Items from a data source
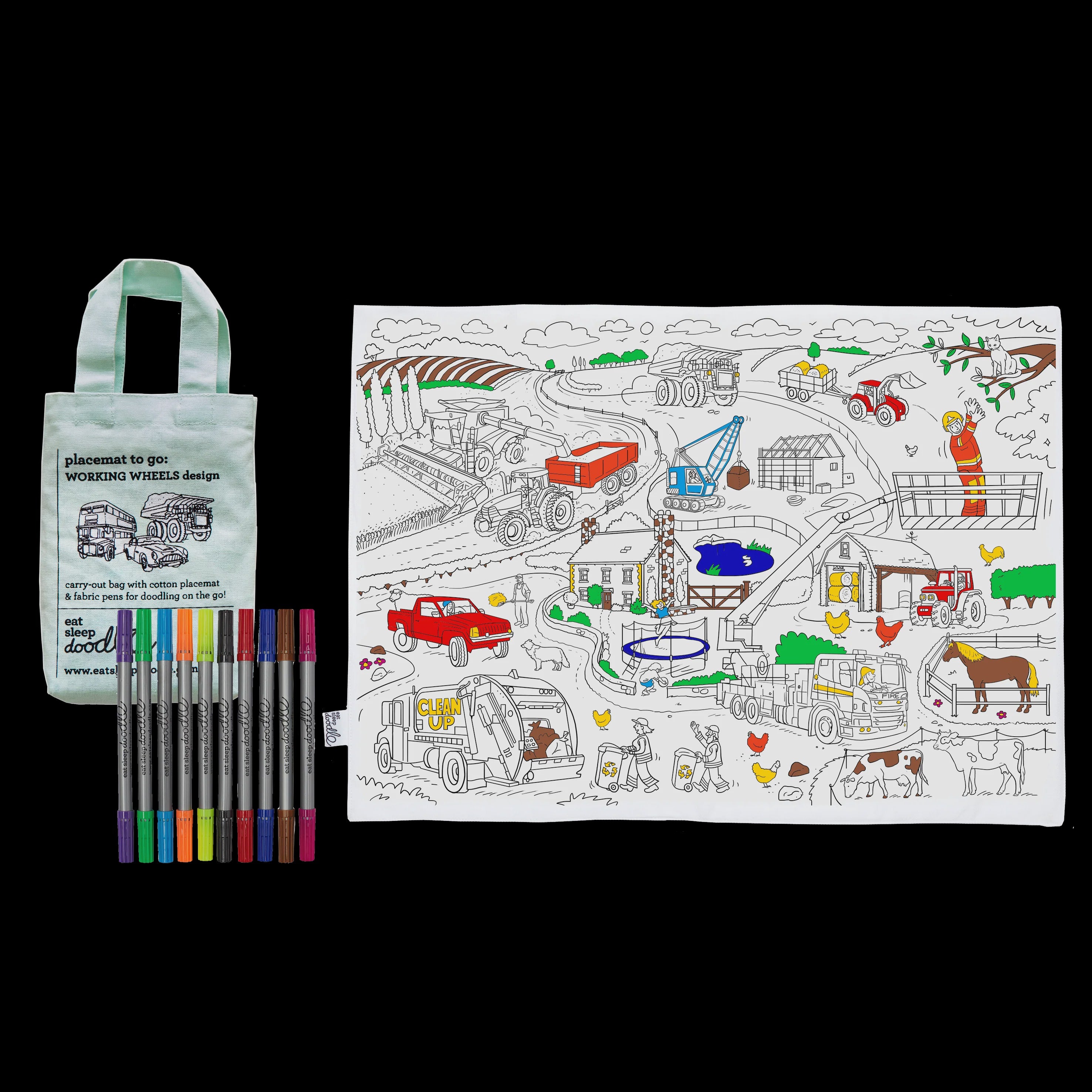 Working Wheels Placemat to Go- Colour In
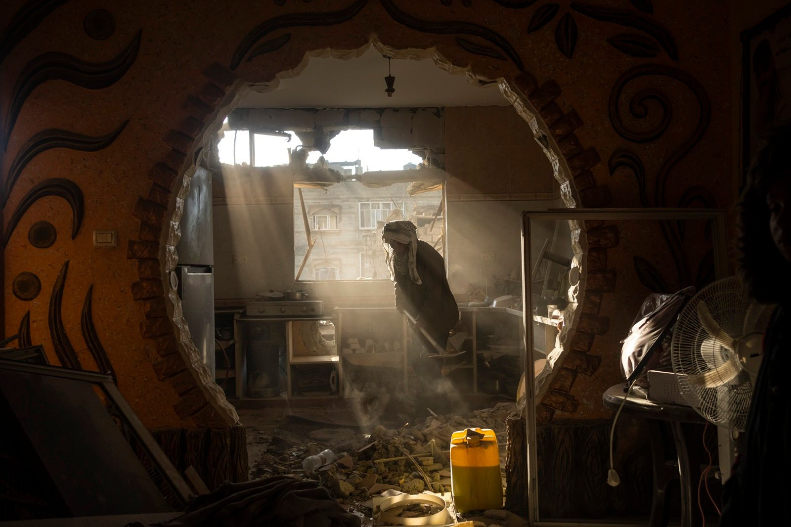 A Palestinian cleans up his house after an Israeli strike in Rafah, southern Gaza Strip, Saturday, Jan. 27, 2024. (AP Photo/Fatima Shbair)
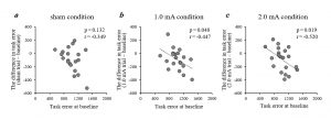 ベースラインのエラーが大きい人(運動が下手な人)ほど、M1小脳へのtACSによってエラーが低下する(運動が上手くなる)関係性が認められた。この関係性は1 mA、2 mAどちらの刺激強度においても認められた。
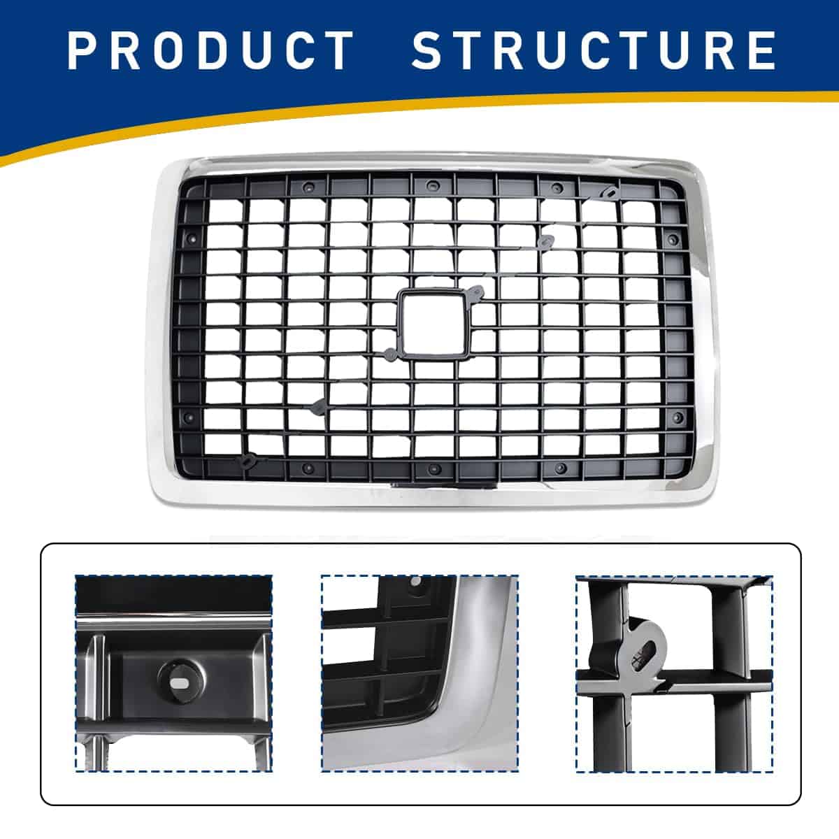 3. Diseño Único: Este conjunto incluye la parrilla, la barra cruzada y el hardware de montaje. Reemplace su parrilla del radiador y refresque la apariencia de su camión.
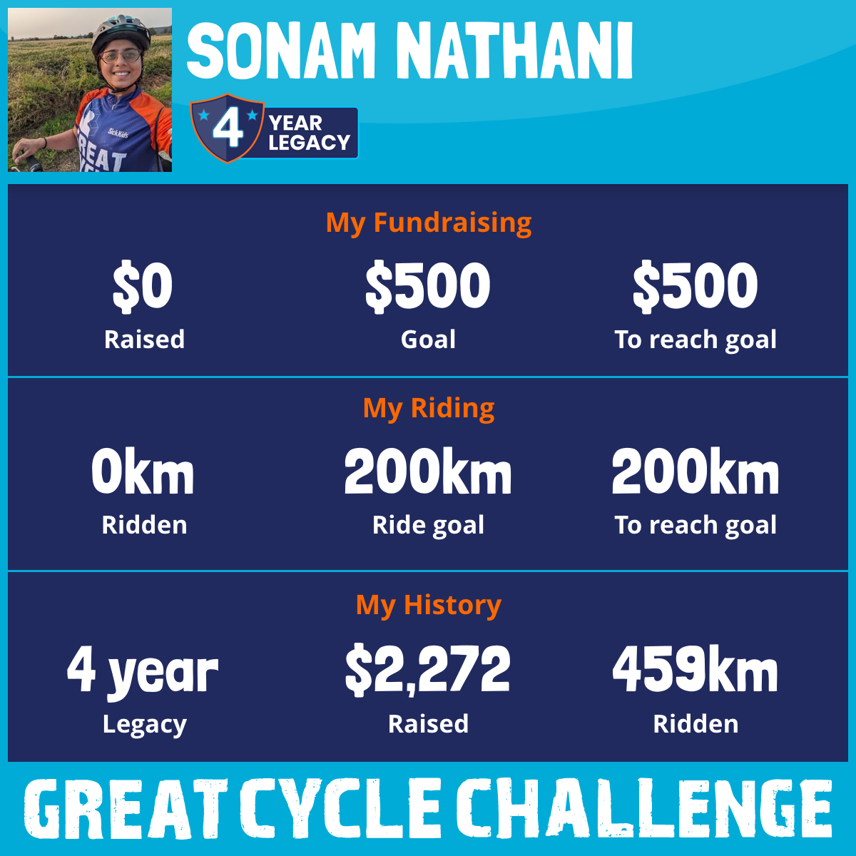 I'm excited to be participating again in the Great Cycle Challenge. I will be riding 200KMS this month to help raise donations for the SickKids Foundation to allow them to continue their work in developing treatments and finding a cure for childhood cancer.
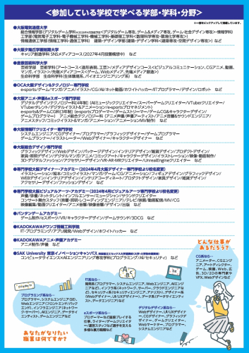 チラシPDFの2枚目に参加校で学べる学部・学科・分野の一部を掲載しています。
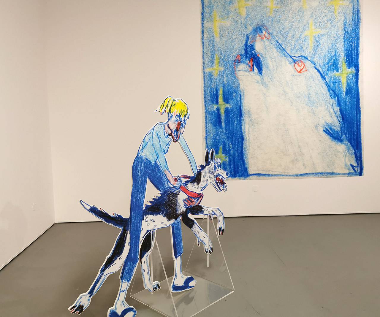מבחינה חומרית המיצב בחיפה עשוי בטכניקה דומה לזו שעבדתי בה בשנים האחרונות: מדובר בהגדלות דיגיטליות ענקיות של רישומים קטנים לצד ציור קיר שעשיתי ידנית בחלל ושני רישומי מקור קטנים. התערוכה ״כלבות״ ברוזנפלד שמורכבת מציורי שמן, מצטרפת למסורת ארוכה של ייצוגי ״כלב״ בתולדות הציור.
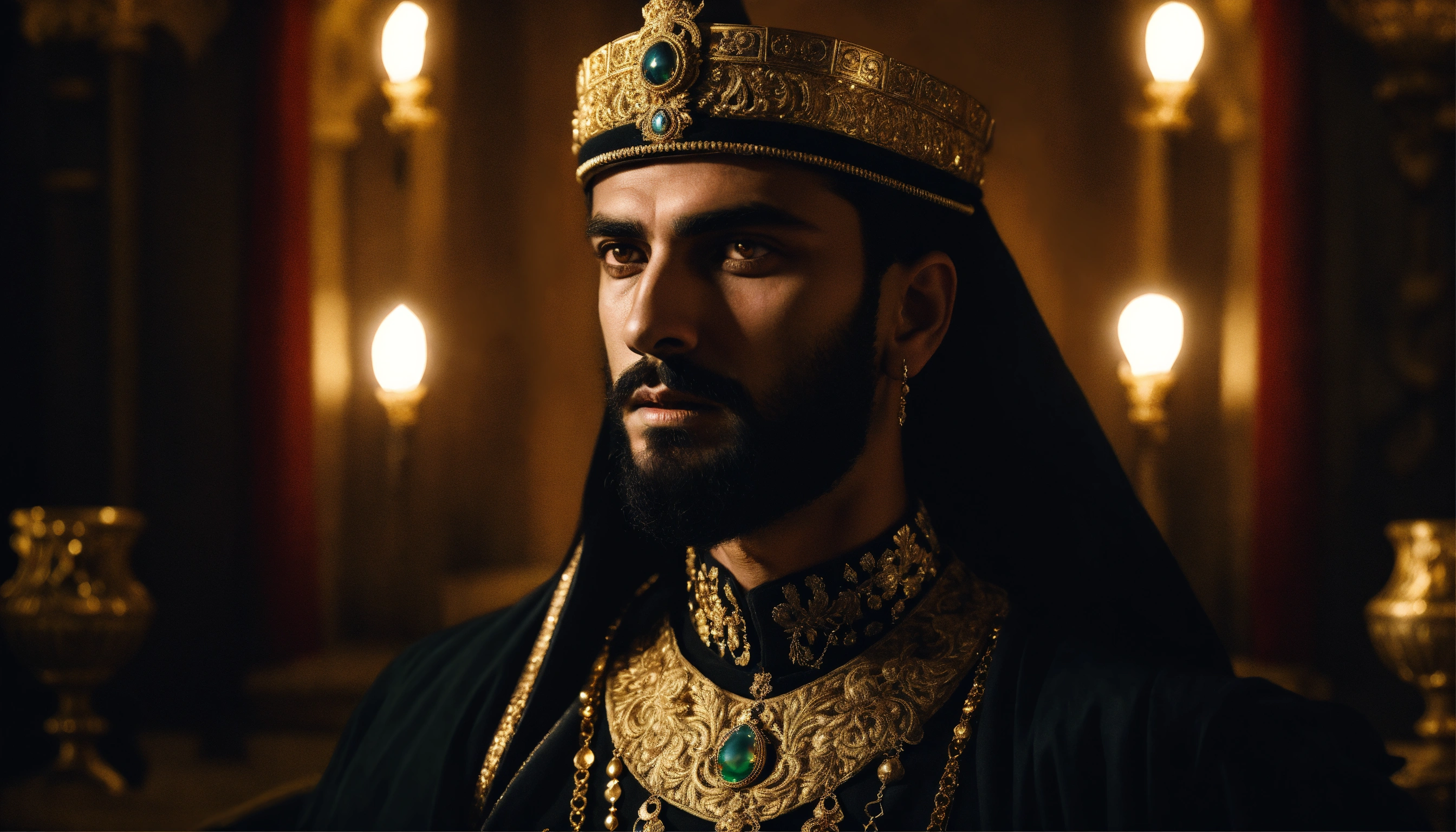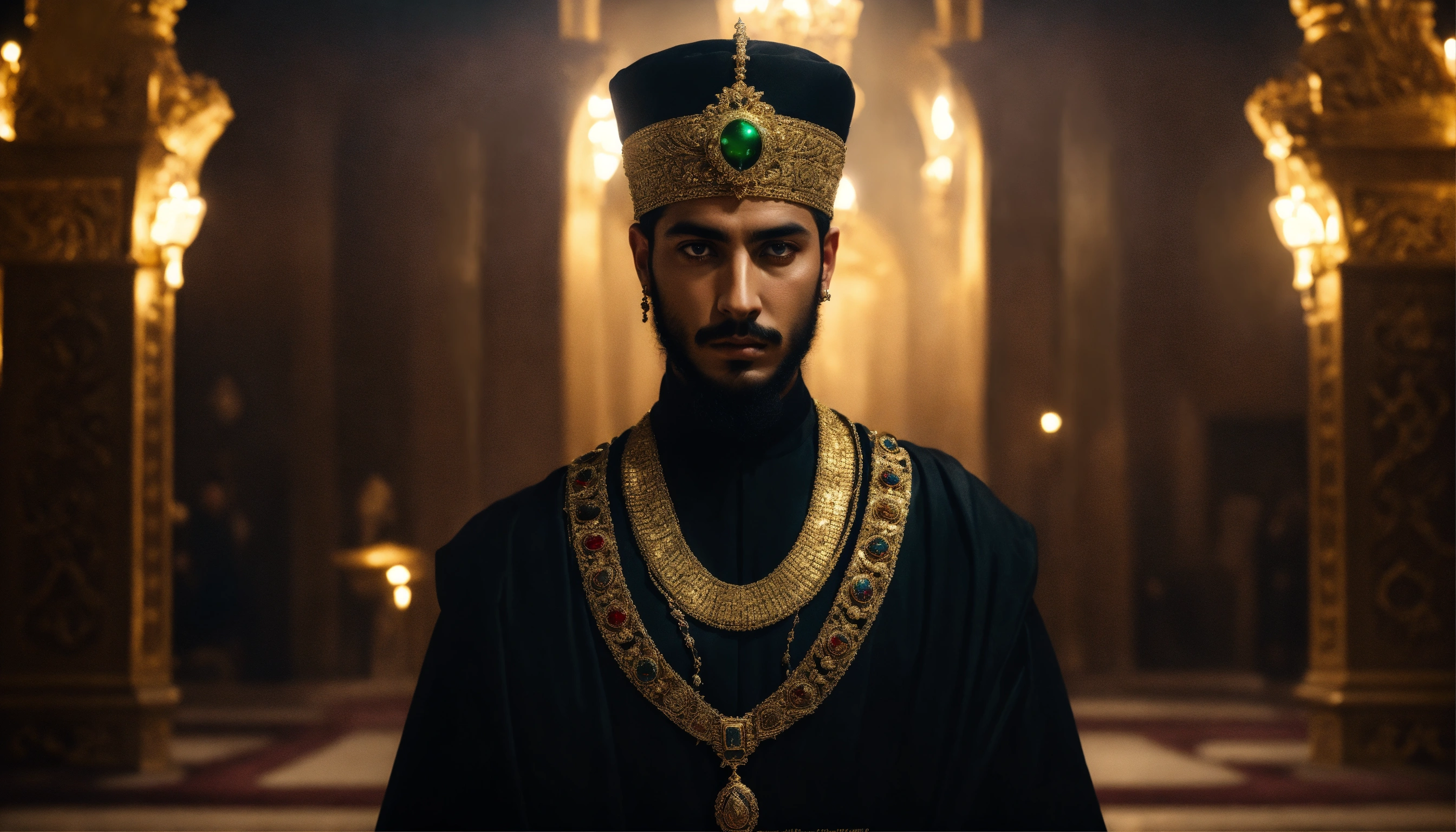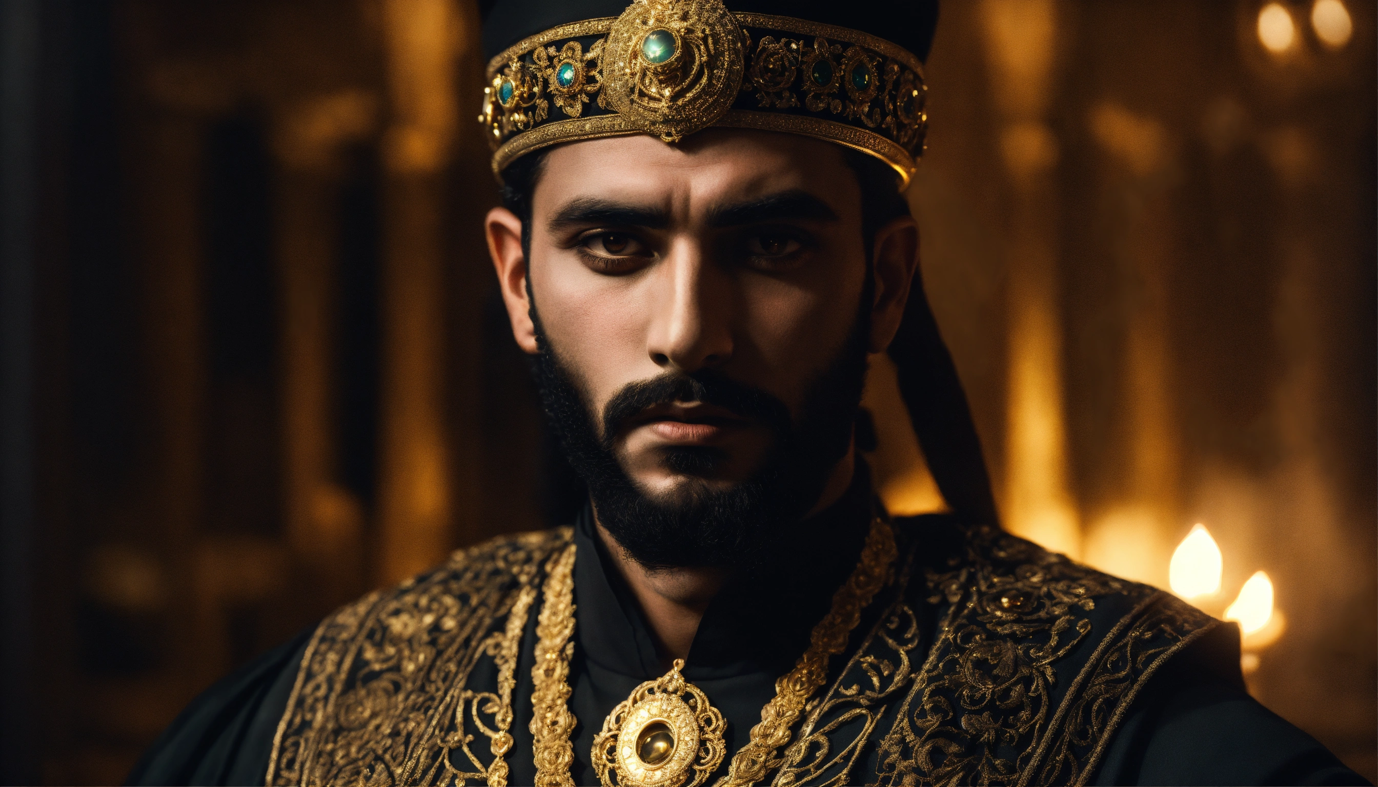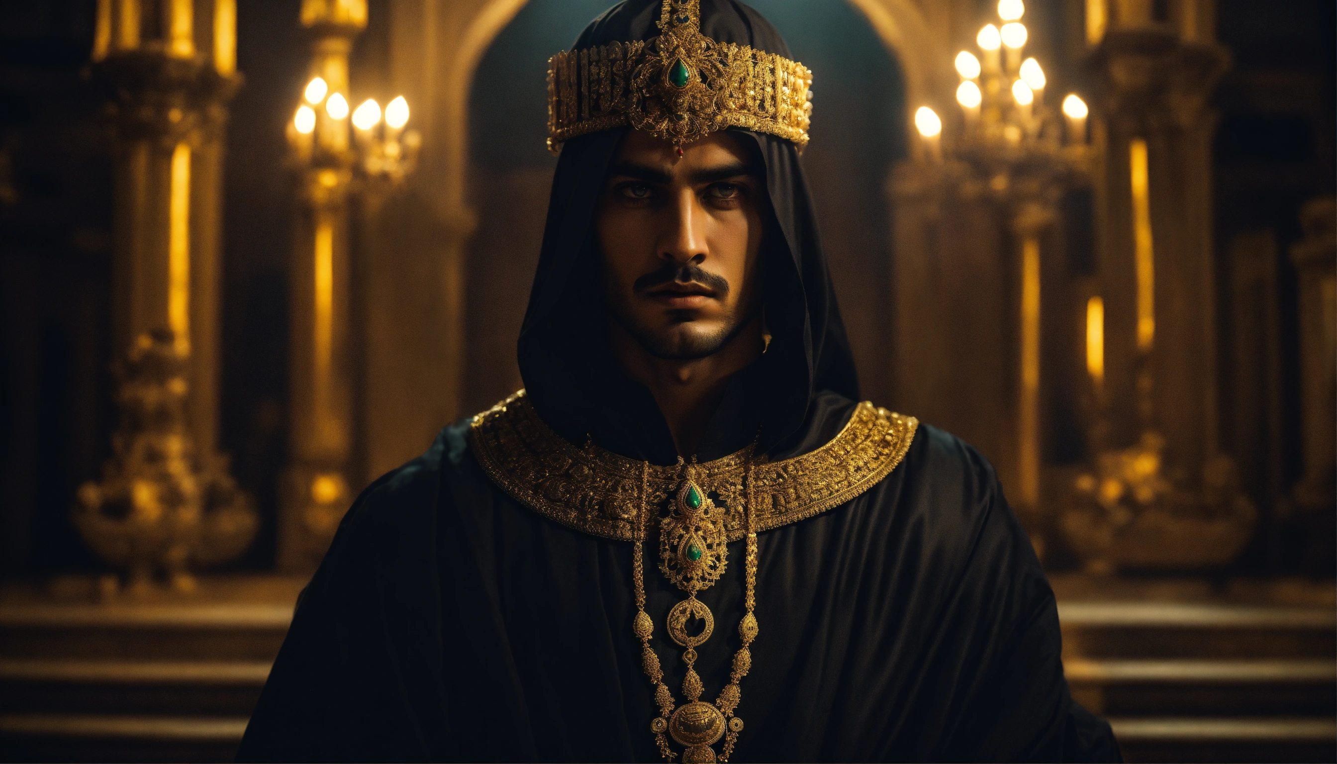 Dark, mysterious and dramatic portrait of a young handsome ancient arabic tyrannical ruler with glowing eyes wearing dark clothes and gold ornate jewellery in a sinister, dimly-lit palace chamber.

• Required work
With the pictures excluded, retype the records above verbatim.

• Output of the exercise
 Working Wheels Placemat to Go- Colour In
 A Palestinian cleans up his house after an Israeli strike in Rafah, southern Gaza Strip, Saturday, Jan. 27, 2024. (AP Photo/Fatima Shbair)
 ベースラインのエラーが大きい人(運動が下手な人)ほど、M1小脳へのtACSによってエラーが低下する(運動が上手くなる)関係性が認められた。この関係性は1 mA、2 mAどちらの刺激強度においても認められた。
 3. Diseño Único: Este conjunto incluye la parrilla, la barra cruzada y el hardware de montaje. Reemplace su parrilla del radiador y refresque la apariencia de su camión.
 I'm excited to be participating again in the Great Cycle Challenge. I will be riding 200KMS this month to help raise donations for the SickKids Foundation to allow them to continue their work in developing treatments and finding a cure for childhood cancer.
 チラシPDFの2枚目に参加校で学べる学部・学科・分野の一部を掲載しています。
מבחינה חומרית המיצב בחיפה עשוי בטכניקה דומה לזו שעבדתי בה בשנים האחרונות: מדובר בהגדלות דיגיטליות ענקיות של רישומים קטנים לצד ציור קיר שעשיתי ידנית בחלל ושני רישומי מקור קטנים. התערוכה ״כלבות״ ברוזנפלד שמורכבת מציורי שמן, מצטרפת למסורת ארוכה של ייצוגי ״כלב״ בתולדות הציור.
 Dark, mysterious and dramatic portrait of a young handsome ancient arabic tyrannical ruler with glowing eyes wearing dark clothes and gold ornate jewellery in a sinister, dimly-lit palace chamber.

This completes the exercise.